:: What you are asked to do ::
Without the pictures, give the listing below again exactly.

===== Listed records

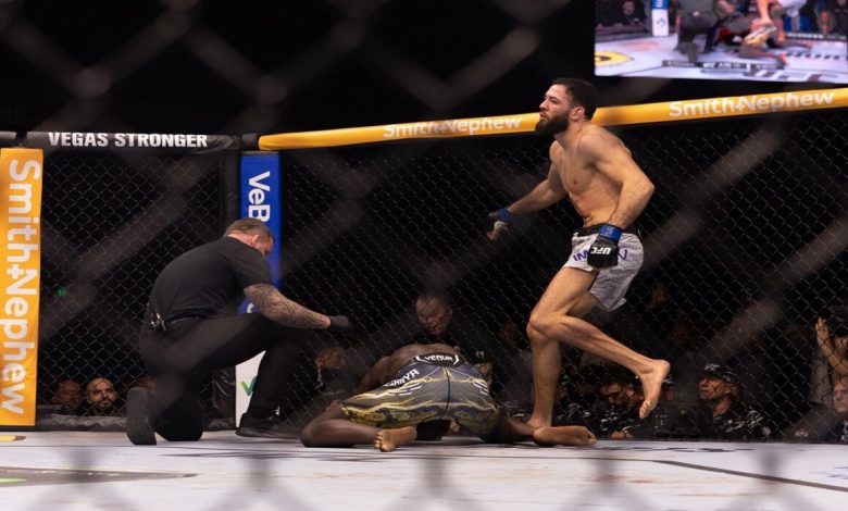 ألحق الفرنسي نصر الدين إيمافوف هزيمة ساحقة بالنيوزيلندي إسرائيل أديسانيا في النزال الذي جمعهما مساء أمس السبت، ضمن بطولة “UFC Fight Night 250” للفنون القتالية المختلطة “MMA”. وتمكن المقاتل الفرنسي المنحدر من جمهورية داغستان الروسية الملقب بـ”القناص” من إسقاط متحديه إسرائيل الملقب بـ”The Last Stylebender” والمنحدر من أصول نيجيرية، بالضربة القاضية في الجولة الثانية للنزال الذي جمعهما بالعاصمة السعودية الرياض. وحقق نصر الدين إيمافوف (29 عاما) بذلك انتصاره الخامس عشر خلال مسيرته الاحترافية حتى الآن، مقابل أربع هزائم وتعادل واحد.بينما مني أديسانيا إسرائيل (35 عاما) بالهزيمة الخامسة خلال مسيرته الاحترافية حتى الآن، مقابل 24 فوزا.
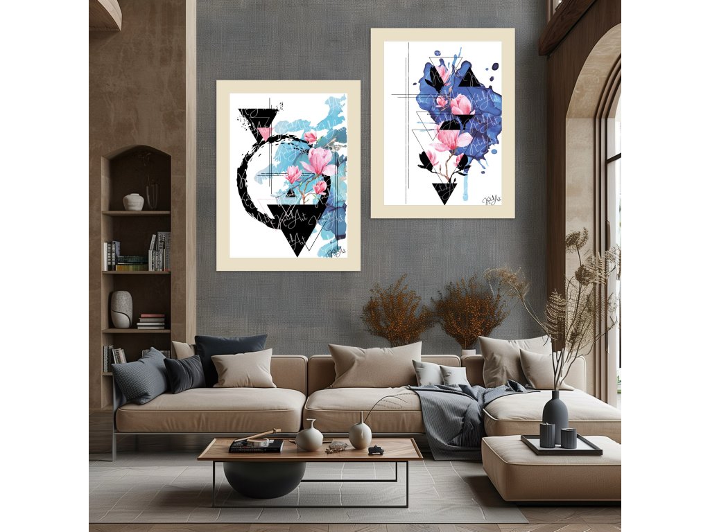 Geometrie v rozkvětu – digitální obraz, který propojuje svěží krásu květů a precizní linie geometrie. Dotek jemnosti v moderním stylu.
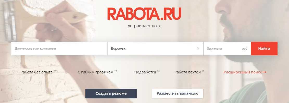 Если вы хотите найти работу водителем или продавцом – здесь самое подходящее для этого место. На момент публикации рейтинга на доске Авито было размещено более 1 млн резюме и около 250 тыс вакансий со всей России. Преимущество этого сайта еще и в том, что через него можно найти работу даже в самом маленьком населенном пункте.
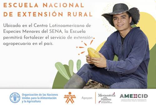 Con el fin de facilitar la formación y certificación de competencias laborales de los productores agropecuarios, el Sena y la FAO lanzaron la Escuela Nacional de Extensión Rural ubicada en el Centro Latinoamericano de Especies Menores del SENA en Tuluá, Valle.
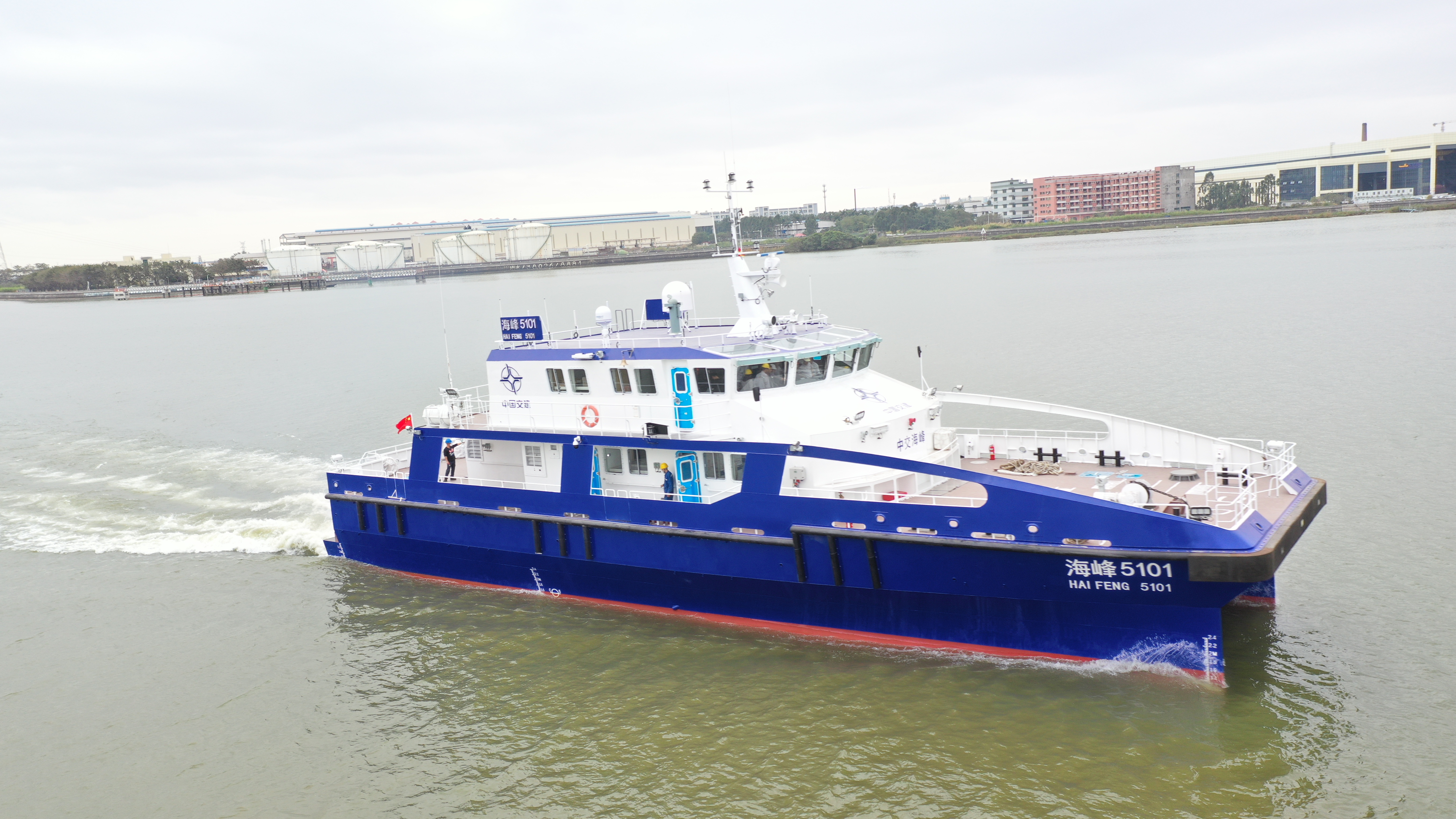 “海峰5101”风电运维船是2007so太阳集团打造的最新一代海上风电运维船舶(CTV),该船入级CCS船级社,全铝双体半小水线面结构设计,总长33.2米,型宽10.8米,型深4.4米,试航航速约27节,续航能力达到500海里,额定载客12人,快速性好、耐波性强,是目前国内首制半小水线面型全铝双体风电运维船型。

==========

:: The answer ::
 ألحق الفرنسي نصر الدين إيمافوف هزيمة ساحقة بالنيوزيلندي إسرائيل أديسانيا في النزال الذي جمعهما مساء أمس السبت، ضمن بطولة “UFC Fight Night 250” للفنون القتالية المختلطة “MMA”. وتمكن المقاتل الفرنسي المنحدر من جمهورية داغستان الروسية الملقب بـ”القناص” من إسقاط متحديه إسرائيل الملقب بـ”The Last Stylebender” والمنحدر من أصول نيجيرية، بالضربة القاضية في الجولة الثانية للنزال الذي جمعهما بالعاصمة السعودية الرياض. وحقق نصر الدين إيمافوف (29 عاما) بذلك انتصاره الخامس عشر خلال مسيرته الاحترافية حتى الآن، مقابل أربع هزائم وتعادل واحد.بينما مني أديسانيا إسرائيل (35 عاما) بالهزيمة الخامسة خلال مسيرته الاحترافية حتى الآن، مقابل 24 فوزا.
 Geometrie v rozkvětu – digitální obraz, který propojuje svěží krásu květů a precizní linie geometrie. Dotek jemnosti v moderním stylu.
 Если вы хотите найти работу водителем или продавцом – здесь самое подходящее для этого место. На момент публикации рейтинга на доске Авито было размещено более 1 млн резюме и около 250 тыс вакансий со всей России. Преимущество этого сайта еще и в том, что через него можно найти работу даже в самом маленьком населенном пункте.
 Con el fin de facilitar la formación y certificación de competencias laborales de los productores agropecuarios, el Sena y la FAO lanzaron la Escuela Nacional de Extensión Rural ubicada en el Centro Latinoamericano de Especies Menores del SENA en Tuluá, Valle.
 “海峰5101”风电运维船是2007so太阳集团打造的最新一代海上风电运维船舶(CTV),该船入级CCS船级社,全铝双体半小水线面结构设计,总长33.2米,型宽10.8米,型深4.4米,试航航速约27节,续航能力达到500海里,额定载客12人,快速性好、耐波性强,是目前国内首制半小水线面型全铝双体风电运维船型。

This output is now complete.